Información

Información

Contenido exclusivo para suscriptores digitales

A perro flaco...

A perro flaco...

¿Quién puede permanecer todavía impasible ante el tsunami de corrupción política que entró hace ya mucho tiempo arrasando las costas de Cataluña e Islas Baleares, inundó la Comunidad Valenciana, Murcia y Andalucía y se instaló en el interior, especialmente, en la Comunidad de Madrid, sin que ni un solo rincón de este país se esté librando de los graves daños causados por su general extensión e intensidad?

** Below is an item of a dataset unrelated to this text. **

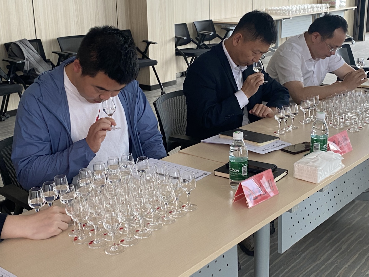 5月11日,專家組在繡林玉液酒業(yè)分別對楓林酒廠、繡林玉液、雋州篁及西藏的酒樣進行了逐一品鑒。 5月17日,專家組在對宜賓南溪酒業(yè)公司濃香型原酒進行了品鑒。 5月23日,專家彭茵團隊在茅臺鎮(zhèn)對公司神農架酒業(yè)、國寶酒業(yè)和茅臺鎮(zhèn)酒業(yè)的醬香型原酒進行了品鑒。 5月24日,健康白酒技術部及外部專家在天龍泉酒業(yè)對其米香型白酒進行了品鑒。 原酒做為酒產品的基礎,其品質好壞直接影響著我們產品和消費者的感受。近年來,為提升公司原酒品質,公司及各外部酒業(yè)均開展了長期、持續(xù)的攻堅。本次專家品鑒工作的開展,旨在通過品評指導生產,促進原酒品質和釀造水平的持續(xù)提升。

Quién desconoce aún que cada día se destapan nuevos estragos, causados por cientos de indeseables políticos en perjuicio de los millones de ciudadanos que les confían el dinero de sus impuestos para administrarlos, auxiliar a los más necesitados, mejorar la sanidad, educación, calles, carreteras, demás servicios e inversiones públicas, y no para que destinen gran parte de ello a enriquecerse y a fines ilícitos, como si el dinero público fuera suyo.

¿Acaso no saben que a nadie le gustan los impuestos, que la ciudadanía se ve obligada a soportarlos como un mal necesario?, ¿se desconoce que las obligaciones fiscales exigen trabajar la mitad del año para Hacienda, cumpliendo ese papel al que se refería Ronald Reagan, cuando dijo que «el contribuyente es el único que trabaja para la Administración sin tener que aprobar unas oposiciones» y que, aunque lo hace a la fuerza y a regañadientes, porque lo exigen las leyes, su único consuelo es que se destine al bien común?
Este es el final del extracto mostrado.